Quality is performance consequences equal to preferred expectations; all else is rhetoric. But what is the preferred expectation, and who's expectations should we meet?
"The right act can readily be known once the greatest good has been determined, for it becomes simply that act which enhances the realization of the greatest good, and the immoral act is that mode of behavior which is a deterrent to its realization" [Sahakian & Sahakian, 1993]. Unfortunately, in human services we have many opinions about what the greatest good is, yet we rarely discuss our differences. We employ staff based on the credentials they hold, who may or may not believe that "what's best for kids" is the same as ours. We have not defined the outcome, except in terse measurable terms which have no relation to out greatest good.
Outcomes for disruptive behavior are clearly measurable - school
behavior incidents, detention, suspension and expulsion is up/down
20% over the past three years. For some managers, the goal of
reducing disruptive behavior is accomplished through fear, drugs,
or incarceration. When closely examined, we may find that those
who refuse to comply are no longer in the school because they
have been "referred" to a mental health agency which
has placed them in a psychiatric hospital, partial hospital or
residential program. Or those that "respond favorably to
medication" [e.g., meet the 'dead man' test - which means
the more they act like a dead man, the better they are] are in
school and no longer act out. Is this what is "best for kids"?
While it is nice that we have begun to realize that we cannot
simply collect custodial data which tracks process and not outcome;
outcome data is useless unless we have a clear understand of our
mission, purpose, greatest good or summon bonum. Not only does
such a discussion help to assure that the greatest good is defined,
but it provides a basis for understanding the limitations or constraints
upon the process in reaching the outcome. Ending "unemployment"
is easy if slavery is acceptable. But is full employment really
the goal; or more accurately, is full employment the only dimension
of the goal?
Performance management therefore cannot avoid a discussion and
consensus on life's greatest good. 'What's good for kids' must
be defined in detail if we are to in fact provide it. Further,
'what's good for kid's' must be demonstrated and in order to do
this, we must discuss how we will know when we have gotten there.

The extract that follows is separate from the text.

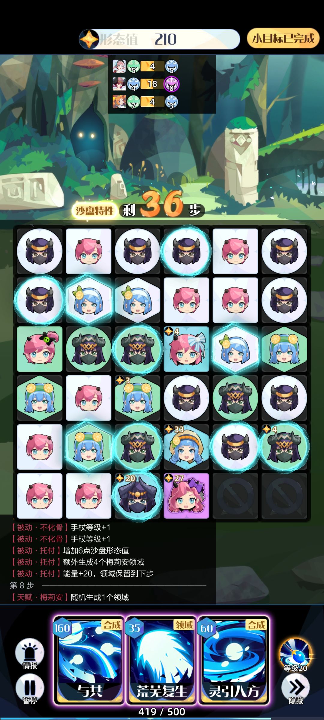 A:首先蓝量不允许使用与共,被动需要四领域回蓝,复生消也凑不够,大概有三种选择,一是最传统的拖消,拖掉r5c5赌掉落消最多两领域449(+14);二是灵引r5c2,通过掉落消除去达到消除领域回蓝的目的,419-60+28=387+38=425>419,即赚6点能量和火,盘面的调整使得有更多的选择;三是复生r4c4,拖掉r5c5,消除三领域,若上方成功掉落消除即可被动回蓝,419-35+30+21=435(+7+44=486),对于选择一和三,c5掉落情况一致,所以若产生至少一掉落消,则选择三收益远大于一,二由于不确定性过大不做讨论,为了下一步考虑我会选择三,总的来说就是权衡收益与风险,玩的多自然一眼看出,没有想的那么花费时间。

Is 'what's good for kids' simply that they be safe, well fed,
clothed and housed appropriately? Or is 'what's good for kids'
something more?
As we begin to examine this in detail, we may find that 'what's
good for some kids, is not good for all kids'. We may find that
individual self determination is more important than a broad standard.
We may decide that the overall determination is that 'what's good
for kids' is that their families have the support and power to
determine their own lives.
Whatever we decide, we become aware through a process of collective
thinking that "what's good for kids" is not an easily
answered question and that many reasonable people have arrived
at different conclusions. The perspective of the individual making
the determination is a more powerful influence for 'what's good
for kids', then any demonstrable results. Yet most human service
managers are perfectly willing to allow reasonable, "good"
people to provide services without any real understanding of what
they believe is 'good for kids'.
Kids, need love, structure, discipline, etc., etc. Just what
does this mean? Is discipline a noun or a verb? Are we going to
discipline kids or teach them discipline? Performance management
requires not just the measurement of outcome, but the measurement
of outcome against a coherent and consistent standard. And the
standard is not a benchmark! Benchmark is a term often used by
business to determine the goal of the process. In this sense,
a benchmark for human services can only be a 'perfect' human being
- whatever that means. In a zero defect approach to quality, one
seeks to provide services to human beings which will enable them
to be perfect. To do any less, is to accept mediocrity. This does
not mean that one must provide services until the person with
problems in living becomes perfect; rather, that we provide services
with the intention and expectation that the person with problems
in living will become perfect.
This is the requirement of high positive expectation. If we expect
only that the person with problems in living stop the behaviors
that are giving them difficulty, that is the most that you will
attain; and there is severe question that it is attainable without
a higher expectation. Just as "your reach should exceed your
grasp", the expectation must exceed the outcome. Human beings
are goal seeking entities whose goals expand with each attainment.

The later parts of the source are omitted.